[Saved entries]
************
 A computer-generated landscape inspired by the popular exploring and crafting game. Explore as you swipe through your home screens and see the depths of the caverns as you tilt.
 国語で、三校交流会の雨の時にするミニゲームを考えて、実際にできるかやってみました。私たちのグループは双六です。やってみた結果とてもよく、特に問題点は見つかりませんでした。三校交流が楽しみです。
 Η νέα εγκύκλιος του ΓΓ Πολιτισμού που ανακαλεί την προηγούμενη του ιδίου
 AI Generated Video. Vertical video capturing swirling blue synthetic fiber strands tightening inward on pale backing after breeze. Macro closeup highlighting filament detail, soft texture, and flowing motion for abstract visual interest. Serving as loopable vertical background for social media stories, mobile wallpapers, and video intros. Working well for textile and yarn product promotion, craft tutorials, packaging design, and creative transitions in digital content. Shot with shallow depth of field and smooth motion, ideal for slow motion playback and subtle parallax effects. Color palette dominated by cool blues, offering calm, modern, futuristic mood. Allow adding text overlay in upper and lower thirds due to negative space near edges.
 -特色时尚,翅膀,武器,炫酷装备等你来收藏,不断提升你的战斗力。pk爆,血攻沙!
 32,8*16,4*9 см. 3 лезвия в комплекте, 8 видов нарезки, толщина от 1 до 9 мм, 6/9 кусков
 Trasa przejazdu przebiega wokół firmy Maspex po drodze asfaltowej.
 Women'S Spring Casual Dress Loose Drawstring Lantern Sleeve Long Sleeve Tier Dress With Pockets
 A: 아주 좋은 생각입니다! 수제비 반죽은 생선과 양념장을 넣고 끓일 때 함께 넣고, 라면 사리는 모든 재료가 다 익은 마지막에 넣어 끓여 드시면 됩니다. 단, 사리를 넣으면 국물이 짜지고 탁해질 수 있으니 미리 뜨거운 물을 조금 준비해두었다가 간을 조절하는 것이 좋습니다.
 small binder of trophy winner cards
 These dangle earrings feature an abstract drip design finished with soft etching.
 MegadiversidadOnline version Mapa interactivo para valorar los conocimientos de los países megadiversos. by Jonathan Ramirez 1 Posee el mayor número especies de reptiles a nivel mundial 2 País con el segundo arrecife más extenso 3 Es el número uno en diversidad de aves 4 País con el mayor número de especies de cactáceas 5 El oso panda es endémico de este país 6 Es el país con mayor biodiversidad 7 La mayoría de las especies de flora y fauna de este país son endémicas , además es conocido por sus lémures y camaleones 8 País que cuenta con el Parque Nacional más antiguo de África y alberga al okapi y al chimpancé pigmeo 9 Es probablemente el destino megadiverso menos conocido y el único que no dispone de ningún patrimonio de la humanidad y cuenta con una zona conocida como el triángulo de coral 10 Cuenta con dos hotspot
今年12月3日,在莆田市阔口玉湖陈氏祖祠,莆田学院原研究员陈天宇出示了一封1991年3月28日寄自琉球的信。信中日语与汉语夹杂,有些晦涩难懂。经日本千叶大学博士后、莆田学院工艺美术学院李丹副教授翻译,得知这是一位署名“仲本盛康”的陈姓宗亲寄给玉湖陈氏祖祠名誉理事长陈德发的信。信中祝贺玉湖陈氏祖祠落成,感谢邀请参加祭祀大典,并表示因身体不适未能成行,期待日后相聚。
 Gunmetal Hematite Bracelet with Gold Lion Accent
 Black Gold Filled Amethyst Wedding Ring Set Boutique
************
● What to do: Your task is to retype the entries verbatim, starting with the line that holds "Women'S Spring Casual" and stopping after the line that holds "These dangle earrings".

● Solution to the problem:
 Women'S Spring Casual Dress Loose Drawstring Lantern Sleeve Long Sleeve Tier Dress With Pockets
 A: 아주 좋은 생각입니다! 수제비 반죽은 생선과 양념장을 넣고 끓일 때 함께 넣고, 라면 사리는 모든 재료가 다 익은 마지막에 넣어 끓여 드시면 됩니다. 단, 사리를 넣으면 국물이 짜지고 탁해질 수 있으니 미리 뜨거운 물을 조금 준비해두었다가 간을 조절하는 것이 좋습니다.
 small binder of trophy winner cards
 These dangle earrings feature an abstract drip design finished with soft etching.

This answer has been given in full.